PROVIDED RECORDS Start Marker

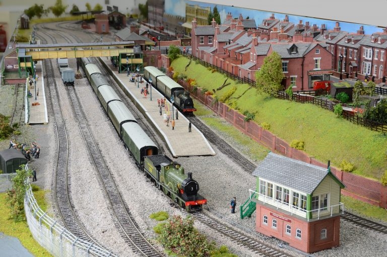 Hazelbury Junction depicts a busy main line station with platforms situated on loops so as to allow express trains to pass local trains waiting at the platforms. The station is a terminus of the Branch line to Greystone End station which has its own platform adjacent to the Down platform. There is a goods shed, a two road engine shed with ash pit, coal yard, coaling facilities for the engines and a town with a brewery and allotments.
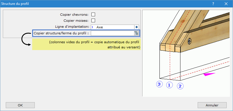 Cette récupération vous évite ainsi d’avoir à recréer la ferme une deuxième fois dans le modèle 3D. La fonction « 2 Choix Toit/Ferme – 6 Fermes/Structures – 2 Ferme du profil disponible dans le module CHARPENTE – Construction de toit permet de récupérer cette structure calculée avec DC-Statik. En laissant le champ « Copier structure/ferme du profil » vide, le logiciel lis les informations du versant et récupère automatiquement la structure du profil indiquée dans les attributs du versant choisi.
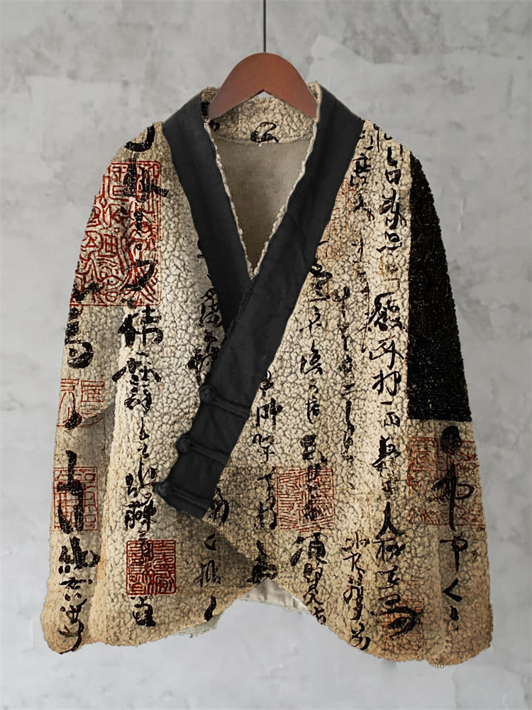 Japanese Ancient Calligraphy Cozy Fleece Kimono Cardigan
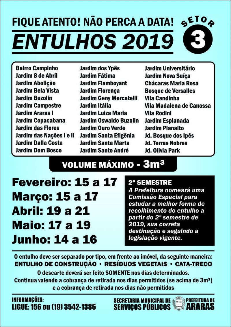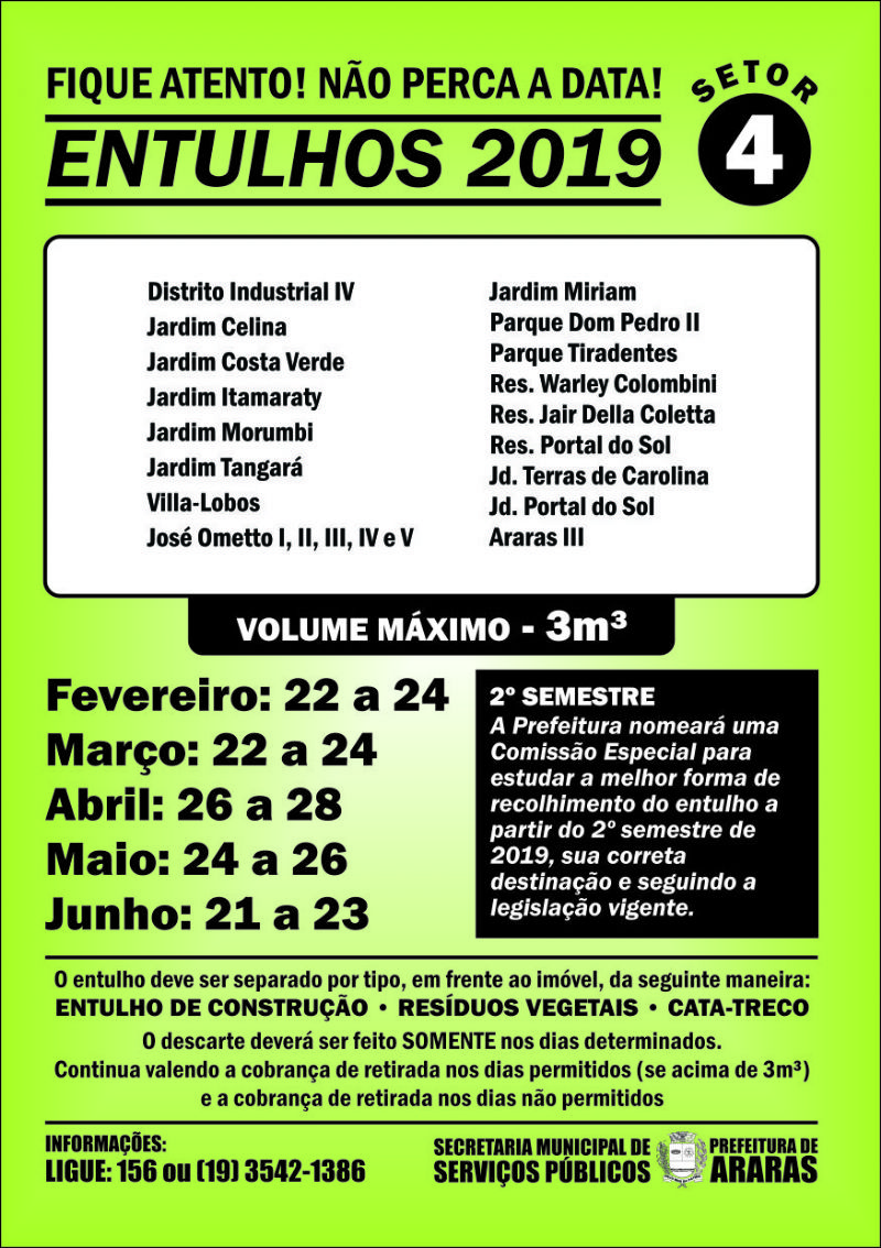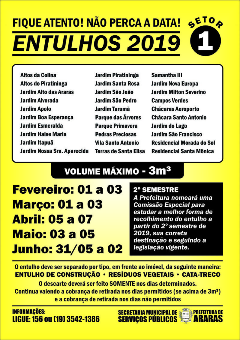 Os bairros do Setor 1 poderão colocar o entulho nas ruas de 1 a 3 de fevereiro; os do Setor 2, o entulho pode ser colocado nas ruas de 8 a 10 de fevereiro; o Setor 3 prevê a colocação de entulho nas ruas de 15 a 17 de fevereiro; e os moradores dos bairros do Setor 4 podem colocar o entulho nas ruas de 22 a 24 de fevereiro. O cronograma já definido segue até o mês de junho.
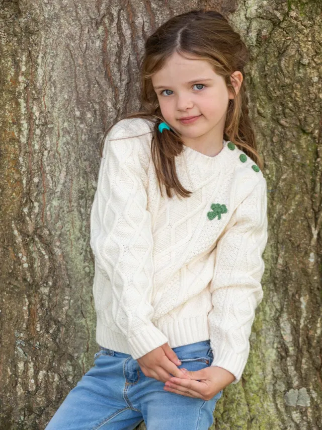 Kids Aran Sweaters|Baby & Toddler Sweaters*Sweater Shop Cream Cable Knit Kids Sweater with Shamrock
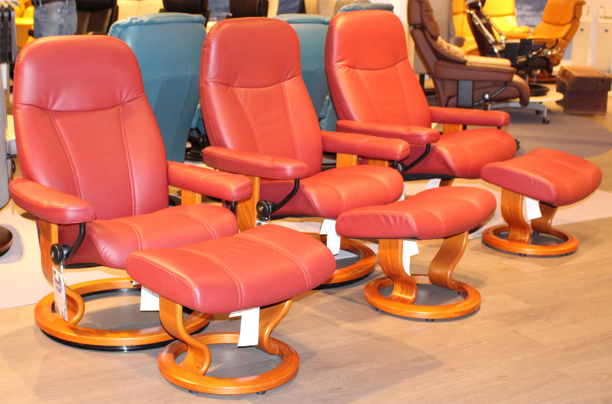 Stressless Bordeaux Burgundy Cherry Beet Red and Brick Red Leather Colors
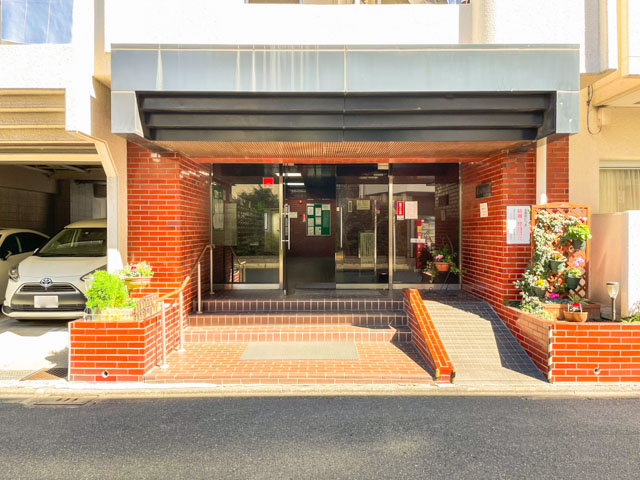 正面側は私道で、こちら側にも駐車場が設けられています。エントランスは間口が広め。スロープを完備しています。オートロックはありません。
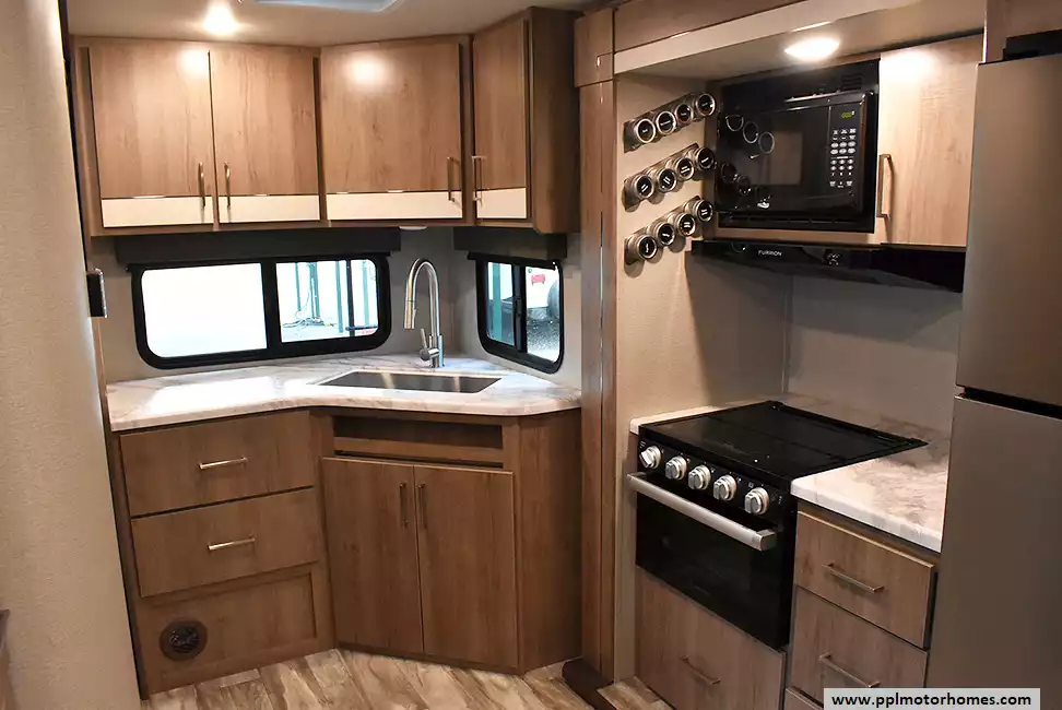 This well-appointed unit seamlessly blends high-end comfort with practical design, making it ideal for both weekend getaways and extended adventures.
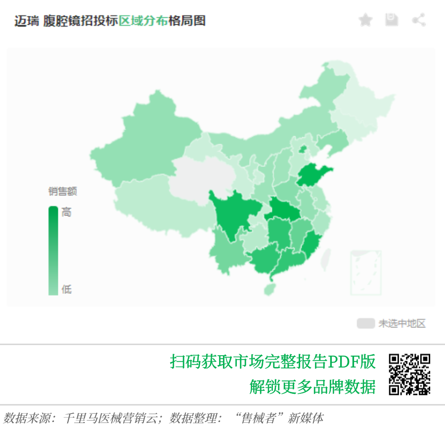 据千里马医械营销云,迈瑞2023年在腹腔镜这个品类:在湖北省和山东省的表现相对强势,排在其后的是四川省和福建省。
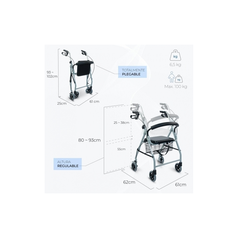 • Su resistencia y durabilidad. Gracias a su estructura resistente podrá disfrutar de este andador para personas mayores sin preocuparse por nada.
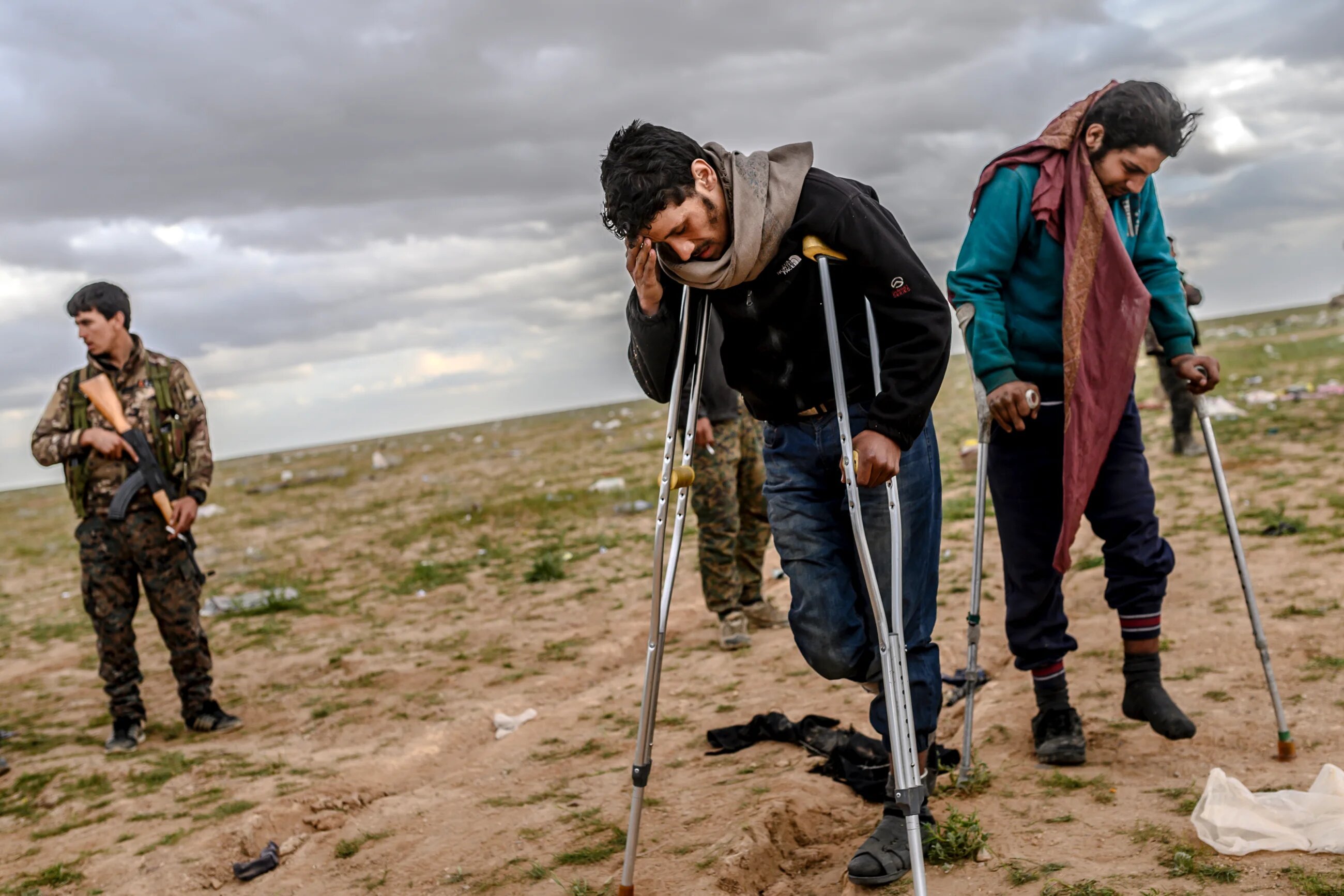 Des hommes soupçonnés d’être des combattants de l’EI attendent d’être fouillés par des membres des FDS. Beaucoup de ceux qui sortent de Baghouz sont blessés ou malades (AFP)
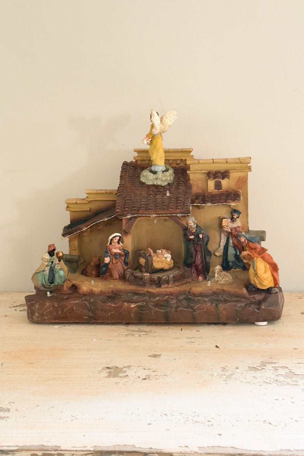 Nacimiento con luces LED integradas, diseñado para iluminar con delicadeza la escena del pesebre. La luz realza los detalles de las figuras que lo forman y crea un ambiente acogedor y lleno de encanto, convirtiéndolo en la pieza más especial de tu decoración navideña.
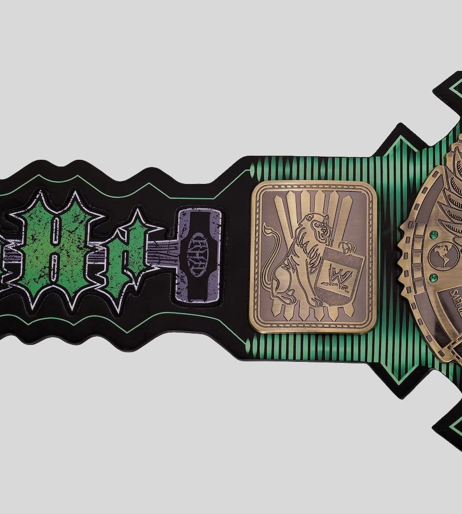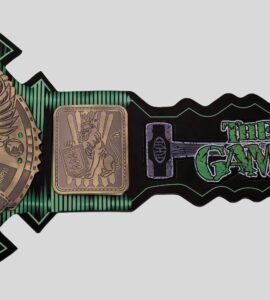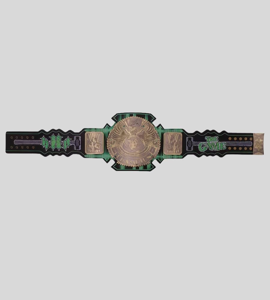 Celebrate the legacy of Triple H with this exclusive WWE Championship Game Attitude Era Belt inspired by “The Game” and D-Generation X. Featuring a bold green strap, detailed brass plates, and classic WWE eagle centerpiece, this belt is perfect for collectors, fans, and display. Custom leather strap and plating options available.
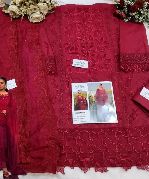 Buy Noor Jahan NJ-53 Red Pakistani Style Fashion Ramzan Eid Wear Suit

PROVIDED RECORDS End Marker

> **EXERCISE**: Restate it all word for word: every record, no pictures.

> **RESPONSE FOR THIS EXERCISE**:
 Hazelbury Junction depicts a busy main line station with platforms situated on loops so as to allow express trains to pass local trains waiting at the platforms. The station is a terminus of the Branch line to Greystone End station which has its own platform adjacent to the Down platform. There is a goods shed, a two road engine shed with ash pit, coal yard, coaling facilities for the engines and a town with a brewery and allotments.
 Cette récupération vous évite ainsi d’avoir à recréer la ferme une deuxième fois dans le modèle 3D. La fonction « 2 Choix Toit/Ferme – 6 Fermes/Structures – 2 Ferme du profil disponible dans le module CHARPENTE – Construction de toit permet de récupérer cette structure calculée avec DC-Statik. En laissant le champ « Copier structure/ferme du profil » vide, le logiciel lis les informations du versant et récupère automatiquement la structure du profil indiquée dans les attributs du versant choisi.
 Japanese Ancient Calligraphy Cozy Fleece Kimono Cardigan
 Os bairros do Setor 1 poderão colocar o entulho nas ruas de 1 a 3 de fevereiro; os do Setor 2, o entulho pode ser colocado nas ruas de 8 a 10 de fevereiro; o Setor 3 prevê a colocação de entulho nas ruas de 15 a 17 de fevereiro; e os moradores dos bairros do Setor 4 podem colocar o entulho nas ruas de 22 a 24 de fevereiro. O cronograma já definido segue até o mês de junho.
 Kids Aran Sweaters|Baby & Toddler Sweaters*Sweater Shop Cream Cable Knit Kids Sweater with Shamrock
 Stressless Bordeaux Burgundy Cherry Beet Red and Brick Red Leather Colors
 正面側は私道で、こちら側にも駐車場が設けられています。エントランスは間口が広め。スロープを完備しています。オートロックはありません。
 This well-appointed unit seamlessly blends high-end comfort with practical design, making it ideal for both weekend getaways and extended adventures.
 据千里马医械营销云,迈瑞2023年在腹腔镜这个品类:在湖北省和山东省的表现相对强势,排在其后的是四川省和福建省。
 • Su resistencia y durabilidad. Gracias a su estructura resistente podrá disfrutar de este andador para personas mayores sin preocuparse por nada.
 Des hommes soupçonnés d’être des combattants de l’EI attendent d’être fouillés par des membres des FDS. Beaucoup de ceux qui sortent de Baghouz sont blessés ou malades (AFP)
 Nacimiento con luces LED integradas, diseñado para iluminar con delicadeza la escena del pesebre. La luz realza los detalles de las figuras que lo forman y crea un ambiente acogedor y lleno de encanto, convirtiéndolo en la pieza más especial de tu decoración navideña.
 Celebrate the legacy of Triple H with this exclusive WWE Championship Game Attitude Era Belt inspired by “The Game” and D-Generation X. Featuring a bold green strap, detailed brass plates, and classic WWE eagle centerpiece, this belt is perfect for collectors, fans, and display. Custom leather strap and plating options available.
 Buy Noor Jahan NJ-53 Red Pakistani Style Fashion Ramzan Eid Wear Suit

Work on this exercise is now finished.